Les réactions fusent
Kristof Calvo, le chef de groupe Ecolo-Groen à la chambre et tête de liste à Anvers, n'a pas tardé à réagir. Il considère que le langage de Bart De Wever est inapproprié et déshumanisant. Il se dit « très indigné et déçu. » L'écologiste flamand fait, tout de suite, un lien avec les élections de ce dimanche. « Il y a une forte crainte que l'on assiste à un dimanche noir (en référence aux bons sondages pour le Vlaams Belang), mais il y a aussi une préoccupation envers la N-VA elle-même ». Il considère que « Bart De Wever représentait un rempart contre le Vlaams Belang. Mais ils se ressemblent, maintenant, de plus en plus. »
Ecolo s'est également exprimé sur ce sujet et réclame que le MR exclue dorénavant toute alliance avec la N-VA. « Ces pratiques et cette dialectique nous rappellent les pages les plus sombres de notre histoire européenne et belge. Elles mettent en cause nos valeurs les plus fondamentales. C'est la raison pour laquelle le Premier ministre Charles Michel doit les condamner sans ambiguïté », a affirmé le co-président d'Ecolo Jean-Marc Nollet, dans une réaction à Belga.
Le chef de groupe socialiste à la Chambre, Ahmed Laaouej a, lui aussi, réagi.
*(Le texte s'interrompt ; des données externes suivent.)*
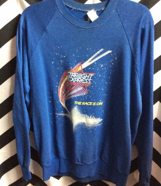 STARLIGHT EXPRESS PULLOVER SWEATSHIRT, THE RACE IS ON, LONG SLEEVES, SCREEN PRINTED DESIGN FULL FRONT, BLUE, SIZE M
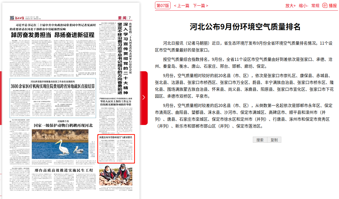 9月份,空气质量相对较差的后20名县(市、区),从倒数第一名起依次是邯郸市永年区、保定市清苑区、曲阳县、望都县、涞水县、沙河市、保定市满城区、高碑店市、顺平县和滦州市(并列)、唐县、石家庄市栾城区、保定市徐水区和定州市(并列)、行唐县、涿州市和保定市竞秀区(并列)、新乐市和邯郸市邯山区(并列)、保定市莲池区。
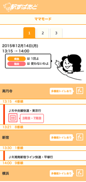「ママモード」は、既存の乗り換え案内サービスとは異なり、ママに優しい便利機能を追加しました。詳しくは、「ママモード」紹介ページもご覧ください。
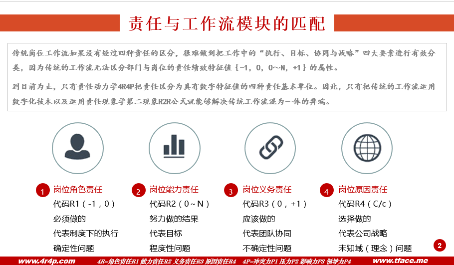 到目前为止,只有责任动力学4R4P把责任区分为具有数字特征值的四种责任基本单位。因此,只有把传统的工作流运用数字化技术以及运用责任现象学第二现象R2R公式就能够解决传统工作流混为一体的弊端。为了解决这个问题,我们首先需要把责任与工作流模块进行匹配:
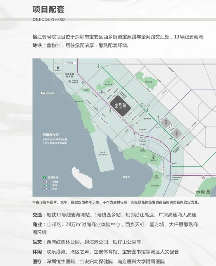项目属于11号线碧海湾地铁上盖物业。与11号线碧海湾站无缝接驳。同时项目临近1号线地铁西乡站,属于双地铁辐射物业。乘坐11号线一站可达宝安中心,两站可达前海湾枢纽站换乘1/5号线。
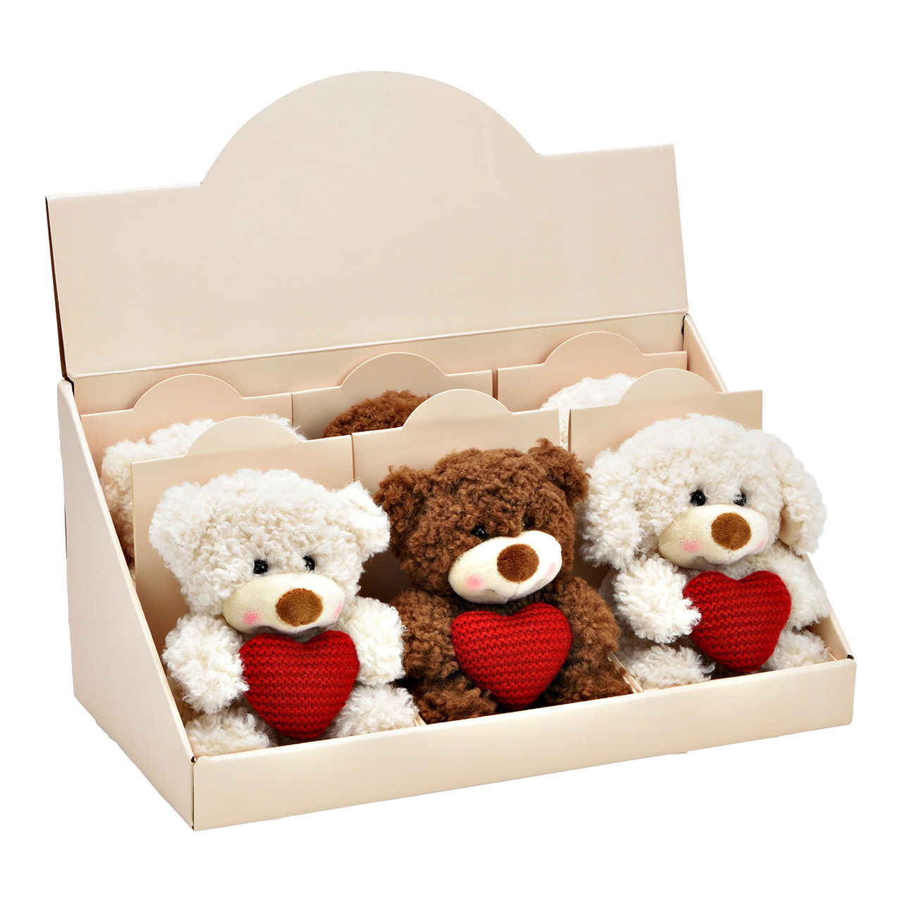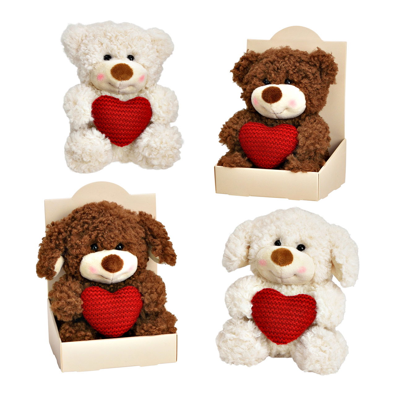 Bär und Hund mit Herz aus Plüsch, 4-fach, Weiß/Braun (B/H/T) 11x14x10cm
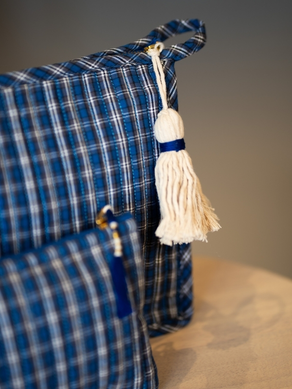 Kosmetyczka marki Madam Stoltz. Dzięki swojemu optymalnemu rozmiarowi będzie świetnym rozwiązaniem do torebki. Została ozdobiona ręcznie robionym frędzlem wykonanym przez kobiety z Nai Disha’s Empowerment Program w New Delhi. Kobiety tworzą frędzle do wszystkich naszych torebek i kosmetyczek, co nadaje każdemu egzemplarzowi charakterystyczny styl, a każdy zakup wspiera podróż kobiet w kierunku niezależności finansowej.
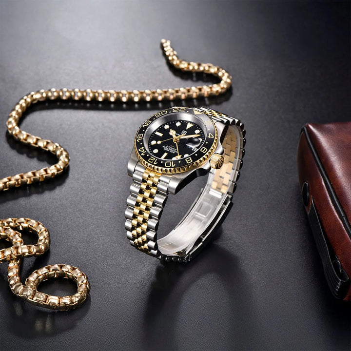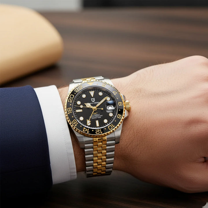 Driven by the Pearl DG5833GMT automatic movement, this watch offers reliable accuracy, dual-time functionality, and a 48-hour power reserve.
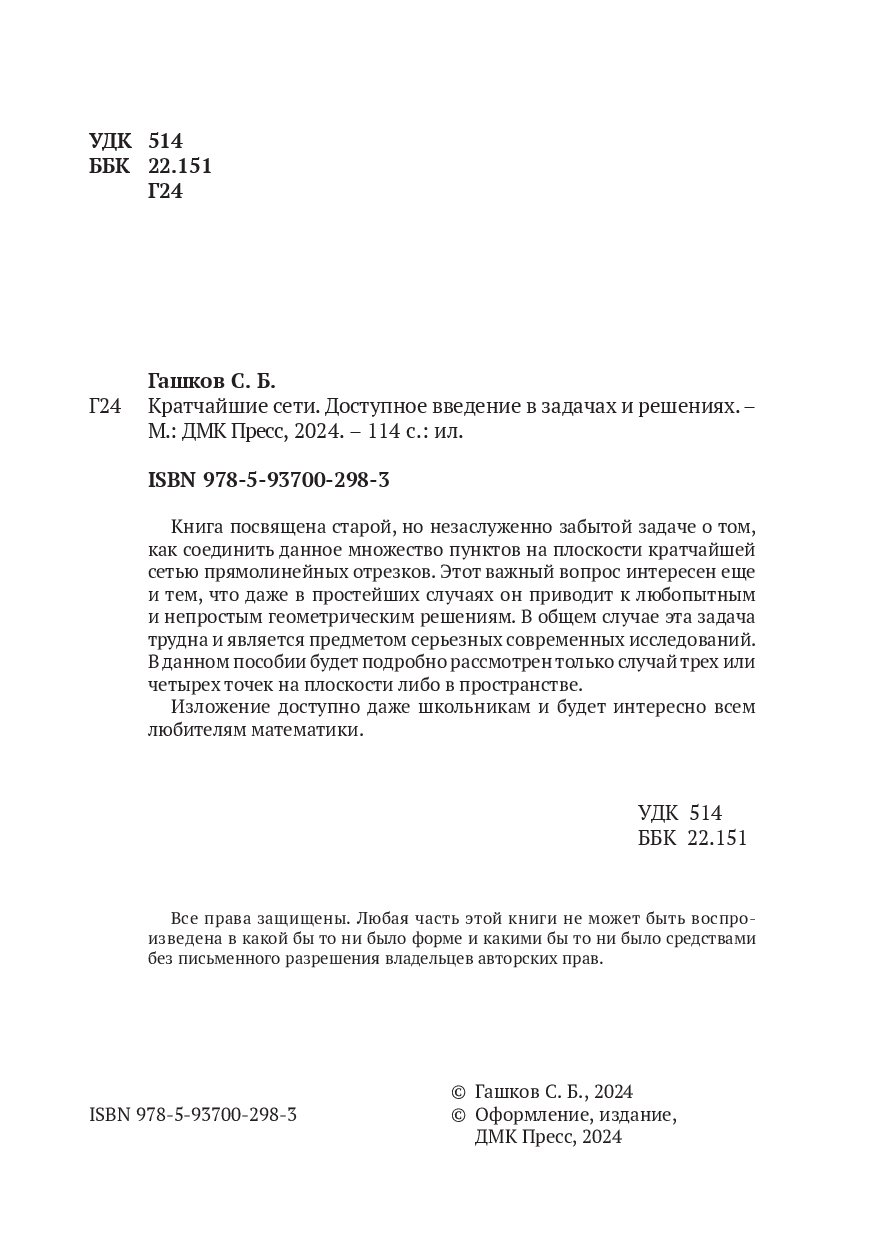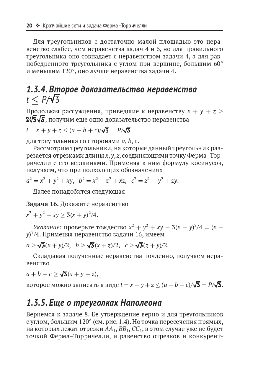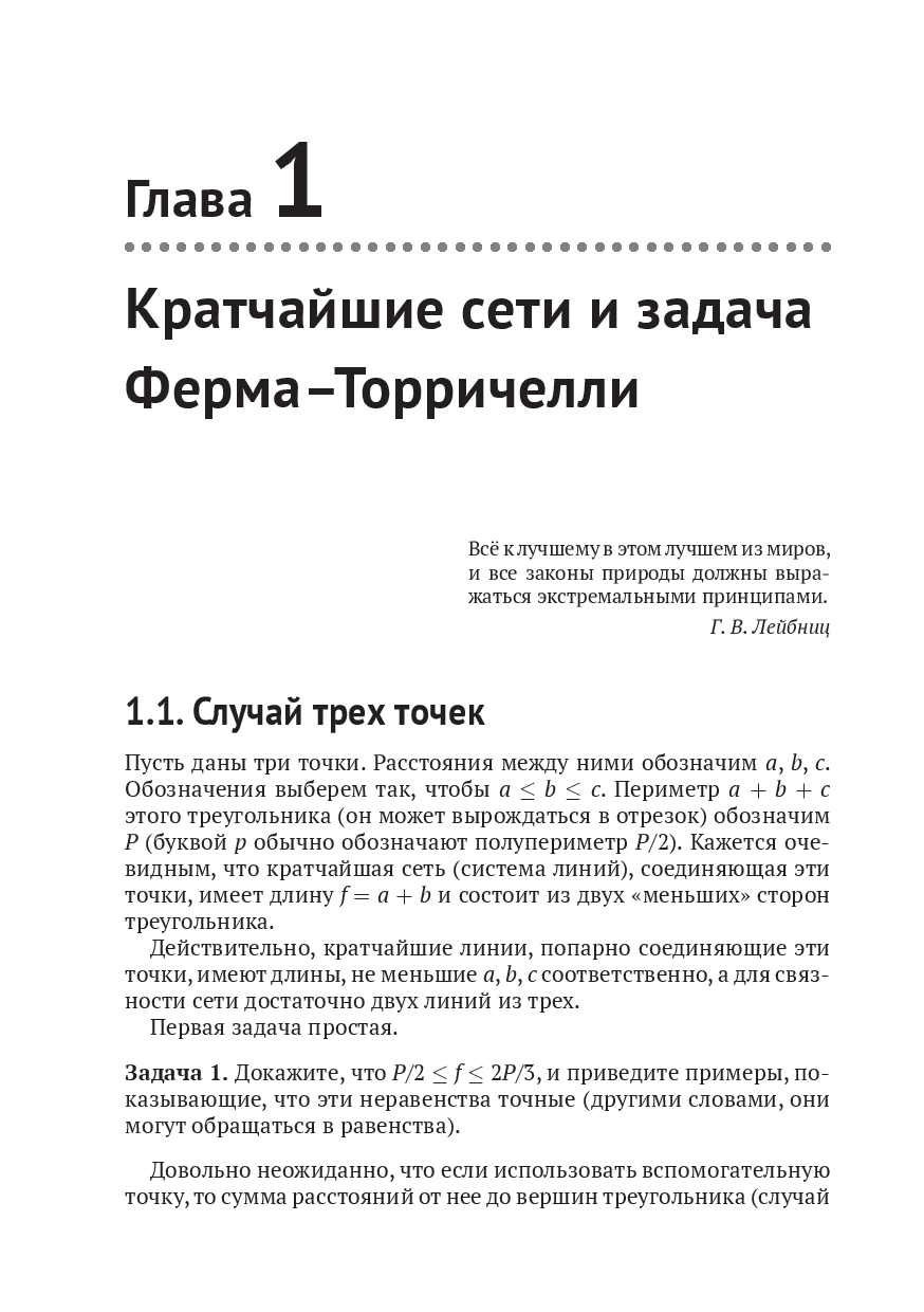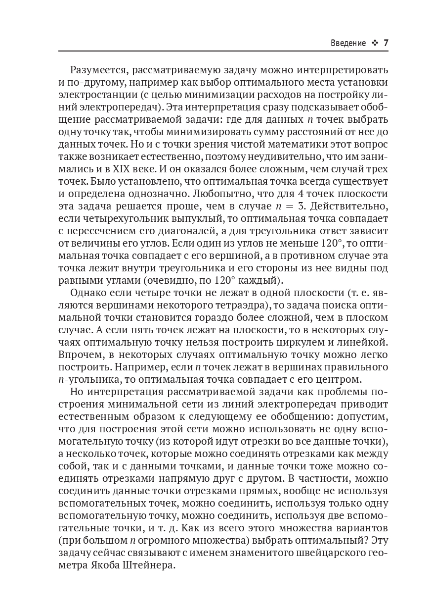 Книга посвящена старой, но незаслуженно забытой задаче о том, как соединить данное множество пунктов на плоскости кратчайшей сетью прямолинейных отрезков. Этот важный вопрос интересен еще и тем, что даже в простейших случаях он приводит к любопытным и непростым геометрическим решениям. В общем случае эта задача трудна и является предметом серьезных современных исследований. В данном пособии будет подробно рассмотрен только случай трех или четырех точек на плоскости либо в пространстве.
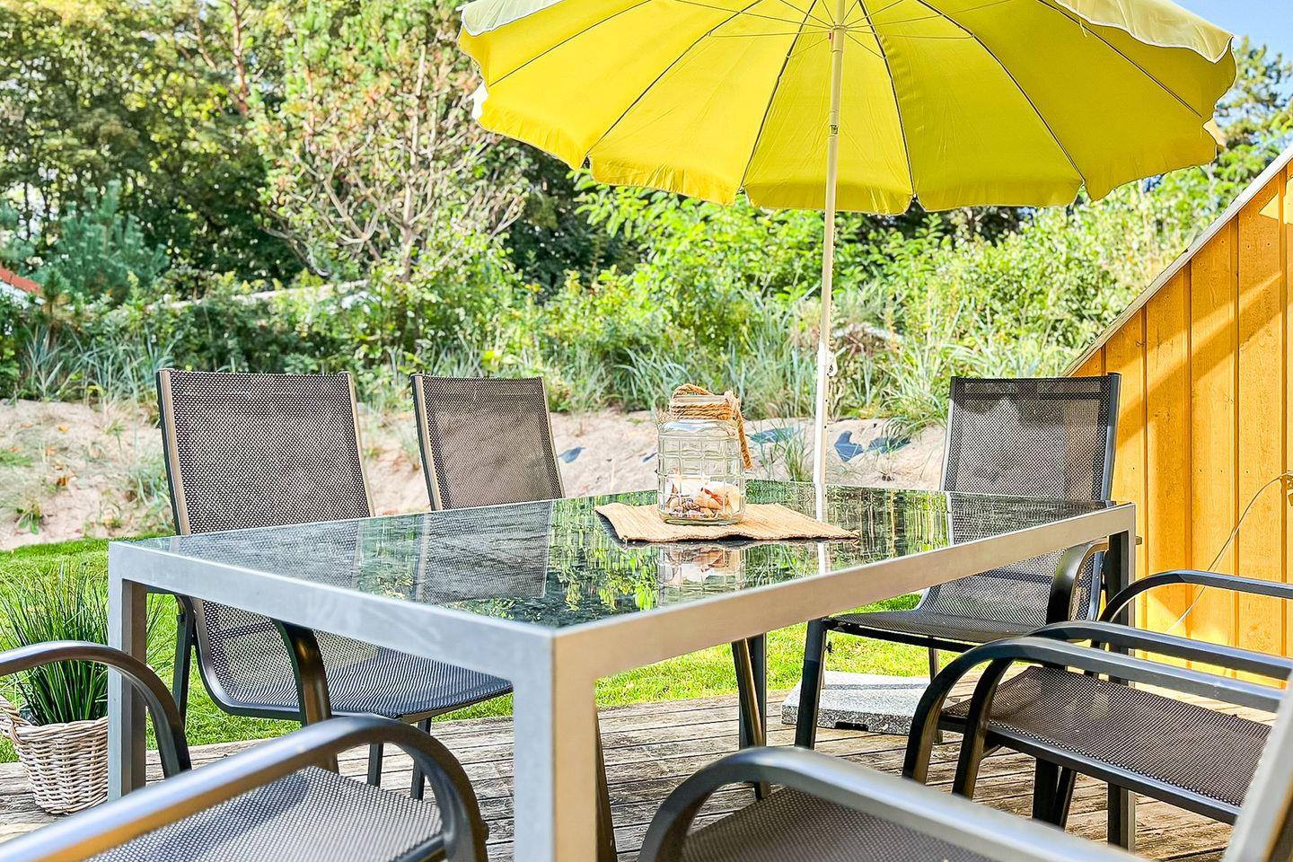 Die private Terrasse mit Gartenmöbeln, Sonnenschirm und Blick ins Grüne lädt zum Frühstück im Freien oder zum entspannten Grillabend ein – ein Holzkohlegrill steht Dir zur Verfügung! Ein besonderes Highlight ist zudem die hauseigene Sauna, die für wohltuende Entspannungsmomente während Deines Aufenthalts sorgt.
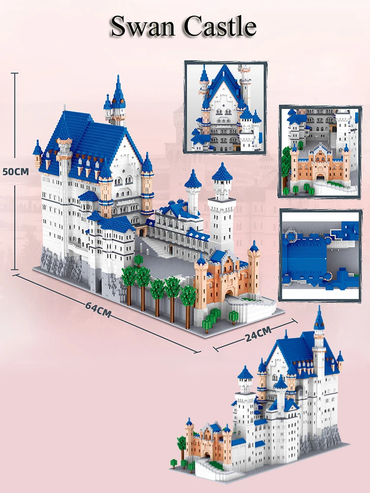 Micro mini bloques enormes del castillo de piedra de cisne: juego de construcción desafiante de 10000 piezas, rompecabezas 3D de alta dificultad, logros definitivos, pieza decorativa genial, asesino del tiempo perfecto
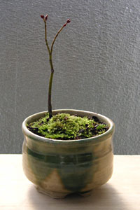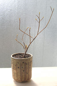 リョウブ。どんな植物なのか、イマイチ解っていない。昨年、従弟からもらったもの。自作鉢。
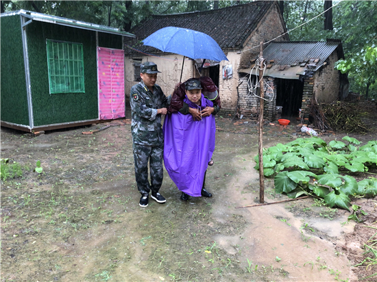 強(qiáng)降雨導(dǎo)致部分地勢較低的農(nóng)房及農(nóng)田被淹,在排查中,發(fā)現(xiàn)鄭老莊村幾處農(nóng)房被水淹泡,隨時有倒塌的危險,了解這一情況后,該鎮(zhèn)第八工作區(qū)區(qū)長、“中國好人”、優(yōu)秀退役軍人蔣昆立即組織鄭老莊村兩委人員及民兵應(yīng)急隊,第一時間趕到現(xiàn)場,轉(zhuǎn)移隱患點周圍住戶。“雨越來越大,你們這個屋今晚上不能住了,反正隨時都有倒塌的危險,把要緊的東西收拾一下,跟到我們走快點”蔣昆勸說鄭老莊村受災(zāi)的一名老大爺。

Il qualifie cette vision politique d'« intolérable ». Il déclare que « la lutte contre la criminalité, qui est un objectif d'intérêt général, ne se fait pas en visant certaines nationalités ou origines, en stigmatisant certaines parties de la population. »
Illégal pour la Ligue des Droits Humains
Pierre-Arnaud Perrouty, le directeur de la Ligue des Droits Humains, revient sur les soupçons de « rafles » au parc Maximilien dénoncées à l'époque par la Ligue. « Là, on a confirmation que, oui, la police procédait à des rafles sur base de quotas préétablis. Alors, fonctionner sur base d'un nombre de places disponibles en centre fermé, cela peut sembler, d'une certaine manière, être une bonne gestion. Mais, c'est surtout fonctionner à l'envers. Les forces de police sont censées contrôler des gens pour ce qu'ils ont fait ou sont suspectés d'avoir fait mais pas déterminer, à priori, combien de personnes on va trouver dans l'illégalité parce que par définition on ne le sait pas. » Pour ce qui est des nationalités, Pierre-Arnaud Perrouty considère que c'est clairement illégal. « C'est une discrimination sur base de la nationalité. Vous ne pouvez pas décider d'aller arrêter tel origine ethnique dans la rue ou telle nationalité en fonction des places que vous avez dans un avion. C'est strictement illégal » affirme-t-il.